We know that $x$ is irrational and that implies $\sqrt{1+\frac{4m}{n}}$ is irrational as well (Otherwise $x$ is rational). Write $x=\sqrt[3]{3}$, multiply both sides by $2$ and then raise both sides to the power of $6$ to get:
$$24^2=\left(\left(\sqrt{1+\frac{4m}{n}}-1\right)^3\right)^2\rightarrow 24=\left(\sqrt{1+\frac{4m}{n}}-1\right)^3=\left(1+\frac{4m}{n}\right)\cdot \sqrt{1+\frac{4m}{n}}-3\left(1+\frac{4m}{n}\right)+3\sqrt{1+\frac{4m}{n}}-1$$ Let $\sqrt{1+\frac{4m}{n}}=y,1+\frac{4m}{n}=k $.

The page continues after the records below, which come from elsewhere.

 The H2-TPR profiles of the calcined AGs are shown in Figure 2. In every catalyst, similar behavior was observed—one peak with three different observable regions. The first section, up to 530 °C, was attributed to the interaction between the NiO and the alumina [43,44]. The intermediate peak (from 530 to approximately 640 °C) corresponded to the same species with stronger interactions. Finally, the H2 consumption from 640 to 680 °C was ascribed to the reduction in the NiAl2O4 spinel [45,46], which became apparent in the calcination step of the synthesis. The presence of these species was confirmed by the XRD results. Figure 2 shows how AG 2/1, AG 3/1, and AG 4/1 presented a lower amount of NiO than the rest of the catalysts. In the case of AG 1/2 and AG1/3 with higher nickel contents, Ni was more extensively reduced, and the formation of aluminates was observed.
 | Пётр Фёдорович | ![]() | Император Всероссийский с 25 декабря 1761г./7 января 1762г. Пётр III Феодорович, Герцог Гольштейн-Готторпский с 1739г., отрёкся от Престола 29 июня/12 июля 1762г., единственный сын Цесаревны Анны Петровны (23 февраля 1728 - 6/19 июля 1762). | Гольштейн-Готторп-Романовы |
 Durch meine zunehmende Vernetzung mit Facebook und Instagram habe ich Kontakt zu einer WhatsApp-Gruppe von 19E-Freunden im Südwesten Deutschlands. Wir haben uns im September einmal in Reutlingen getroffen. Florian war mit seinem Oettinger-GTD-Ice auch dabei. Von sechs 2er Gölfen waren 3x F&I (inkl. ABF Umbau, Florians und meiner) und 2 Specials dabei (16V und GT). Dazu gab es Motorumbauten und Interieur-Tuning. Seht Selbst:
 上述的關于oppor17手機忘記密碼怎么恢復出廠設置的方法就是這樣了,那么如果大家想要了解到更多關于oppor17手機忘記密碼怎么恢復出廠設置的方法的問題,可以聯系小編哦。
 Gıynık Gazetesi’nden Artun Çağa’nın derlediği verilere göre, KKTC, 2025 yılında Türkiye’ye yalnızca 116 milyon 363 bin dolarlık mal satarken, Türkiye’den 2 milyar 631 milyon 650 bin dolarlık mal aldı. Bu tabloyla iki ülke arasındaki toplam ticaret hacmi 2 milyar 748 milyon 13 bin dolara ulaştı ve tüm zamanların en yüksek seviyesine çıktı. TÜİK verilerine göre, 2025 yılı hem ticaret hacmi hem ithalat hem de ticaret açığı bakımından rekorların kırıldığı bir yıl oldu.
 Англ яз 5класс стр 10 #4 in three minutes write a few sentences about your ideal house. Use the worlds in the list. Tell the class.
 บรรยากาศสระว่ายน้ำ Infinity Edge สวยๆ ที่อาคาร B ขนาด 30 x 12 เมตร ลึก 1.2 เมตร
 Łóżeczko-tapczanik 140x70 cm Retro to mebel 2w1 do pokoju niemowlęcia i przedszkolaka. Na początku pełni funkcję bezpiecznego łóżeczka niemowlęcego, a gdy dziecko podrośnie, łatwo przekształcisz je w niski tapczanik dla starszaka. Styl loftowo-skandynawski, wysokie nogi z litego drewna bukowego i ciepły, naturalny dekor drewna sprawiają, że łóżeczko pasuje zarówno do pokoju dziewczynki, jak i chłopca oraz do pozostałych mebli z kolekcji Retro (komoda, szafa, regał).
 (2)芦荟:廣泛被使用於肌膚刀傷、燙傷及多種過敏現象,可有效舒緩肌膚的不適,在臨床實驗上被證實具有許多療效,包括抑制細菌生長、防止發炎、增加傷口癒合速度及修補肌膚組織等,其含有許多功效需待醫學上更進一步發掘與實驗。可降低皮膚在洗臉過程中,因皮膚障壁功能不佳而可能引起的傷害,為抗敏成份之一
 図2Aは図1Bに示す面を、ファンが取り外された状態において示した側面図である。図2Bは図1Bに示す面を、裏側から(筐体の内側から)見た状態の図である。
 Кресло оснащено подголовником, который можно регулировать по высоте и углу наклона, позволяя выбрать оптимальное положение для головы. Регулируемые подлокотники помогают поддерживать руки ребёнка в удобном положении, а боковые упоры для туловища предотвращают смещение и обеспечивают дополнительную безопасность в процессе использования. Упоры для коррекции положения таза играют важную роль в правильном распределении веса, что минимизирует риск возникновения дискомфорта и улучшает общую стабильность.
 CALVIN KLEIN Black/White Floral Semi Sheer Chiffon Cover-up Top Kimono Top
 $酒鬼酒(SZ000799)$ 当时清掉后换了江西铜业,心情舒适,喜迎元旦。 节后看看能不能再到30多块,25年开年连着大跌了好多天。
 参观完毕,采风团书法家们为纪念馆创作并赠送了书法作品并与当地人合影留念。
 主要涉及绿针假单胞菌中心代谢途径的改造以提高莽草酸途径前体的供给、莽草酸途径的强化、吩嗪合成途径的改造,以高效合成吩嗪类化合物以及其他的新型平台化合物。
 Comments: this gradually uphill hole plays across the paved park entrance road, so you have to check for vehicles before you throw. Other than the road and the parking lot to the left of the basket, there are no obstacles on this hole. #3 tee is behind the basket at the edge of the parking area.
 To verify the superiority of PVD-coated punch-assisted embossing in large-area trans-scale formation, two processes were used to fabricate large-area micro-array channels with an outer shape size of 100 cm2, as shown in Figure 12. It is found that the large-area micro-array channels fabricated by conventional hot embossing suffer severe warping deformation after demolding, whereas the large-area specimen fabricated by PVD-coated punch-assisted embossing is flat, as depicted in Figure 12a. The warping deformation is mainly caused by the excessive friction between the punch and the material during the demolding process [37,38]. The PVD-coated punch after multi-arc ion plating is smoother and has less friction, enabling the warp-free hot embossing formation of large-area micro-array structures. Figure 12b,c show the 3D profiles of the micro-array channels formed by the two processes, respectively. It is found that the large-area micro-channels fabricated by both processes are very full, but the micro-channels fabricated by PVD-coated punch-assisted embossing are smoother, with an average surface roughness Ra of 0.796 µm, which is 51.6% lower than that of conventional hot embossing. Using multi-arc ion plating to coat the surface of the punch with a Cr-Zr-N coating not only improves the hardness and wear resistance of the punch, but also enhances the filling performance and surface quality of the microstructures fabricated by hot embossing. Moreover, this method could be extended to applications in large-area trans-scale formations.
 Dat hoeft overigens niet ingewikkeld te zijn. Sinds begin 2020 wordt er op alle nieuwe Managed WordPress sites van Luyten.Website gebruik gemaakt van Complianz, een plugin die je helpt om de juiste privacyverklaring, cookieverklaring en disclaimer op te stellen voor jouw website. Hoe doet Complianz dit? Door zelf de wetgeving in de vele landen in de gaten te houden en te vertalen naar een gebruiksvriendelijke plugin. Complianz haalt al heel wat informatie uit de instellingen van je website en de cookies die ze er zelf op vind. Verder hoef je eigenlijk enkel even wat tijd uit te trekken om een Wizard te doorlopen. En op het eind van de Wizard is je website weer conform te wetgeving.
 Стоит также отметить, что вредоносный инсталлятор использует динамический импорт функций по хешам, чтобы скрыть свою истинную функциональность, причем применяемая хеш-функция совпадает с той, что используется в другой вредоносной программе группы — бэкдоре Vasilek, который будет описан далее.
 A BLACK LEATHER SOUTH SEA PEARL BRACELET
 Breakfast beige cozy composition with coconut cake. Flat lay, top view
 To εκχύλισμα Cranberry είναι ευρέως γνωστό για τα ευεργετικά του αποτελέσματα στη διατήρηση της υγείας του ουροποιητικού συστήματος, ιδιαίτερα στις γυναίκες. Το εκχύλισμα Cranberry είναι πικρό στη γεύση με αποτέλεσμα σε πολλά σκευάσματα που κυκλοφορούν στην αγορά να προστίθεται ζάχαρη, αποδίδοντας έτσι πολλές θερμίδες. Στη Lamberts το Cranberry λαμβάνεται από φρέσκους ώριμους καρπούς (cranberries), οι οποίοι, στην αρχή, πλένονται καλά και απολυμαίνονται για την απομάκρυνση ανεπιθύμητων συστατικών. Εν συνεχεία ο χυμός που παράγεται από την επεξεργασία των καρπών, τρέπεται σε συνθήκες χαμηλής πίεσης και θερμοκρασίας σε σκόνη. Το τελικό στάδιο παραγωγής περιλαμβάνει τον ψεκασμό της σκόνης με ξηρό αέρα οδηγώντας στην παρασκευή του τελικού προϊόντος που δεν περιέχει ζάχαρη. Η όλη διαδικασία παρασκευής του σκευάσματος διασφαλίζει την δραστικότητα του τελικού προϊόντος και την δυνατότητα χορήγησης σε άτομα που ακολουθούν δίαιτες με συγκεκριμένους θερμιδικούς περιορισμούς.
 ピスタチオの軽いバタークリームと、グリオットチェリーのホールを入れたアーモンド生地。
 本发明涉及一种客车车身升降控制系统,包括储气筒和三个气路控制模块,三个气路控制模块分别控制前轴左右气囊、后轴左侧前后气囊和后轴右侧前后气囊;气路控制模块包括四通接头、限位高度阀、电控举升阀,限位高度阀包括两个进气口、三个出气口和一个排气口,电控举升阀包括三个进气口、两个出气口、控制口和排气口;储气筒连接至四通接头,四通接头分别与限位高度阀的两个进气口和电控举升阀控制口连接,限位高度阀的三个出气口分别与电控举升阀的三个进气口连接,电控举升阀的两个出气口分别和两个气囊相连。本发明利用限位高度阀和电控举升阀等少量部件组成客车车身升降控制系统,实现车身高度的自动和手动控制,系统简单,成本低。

We get: $25=ky-3k+3y\rightarrow y=\frac{25+3k}{k+3}$, So $y$ is rational. But we know $y$ is irrational (again, otherwise $\sqrt[3]{3}$ is rational) which leads to a contradiction. So the answer is No, $\sqrt[3]{3}+\sqrt[3]{9}$ is irrational.
Is this proof correct? Is there another way to prove this? Thanks!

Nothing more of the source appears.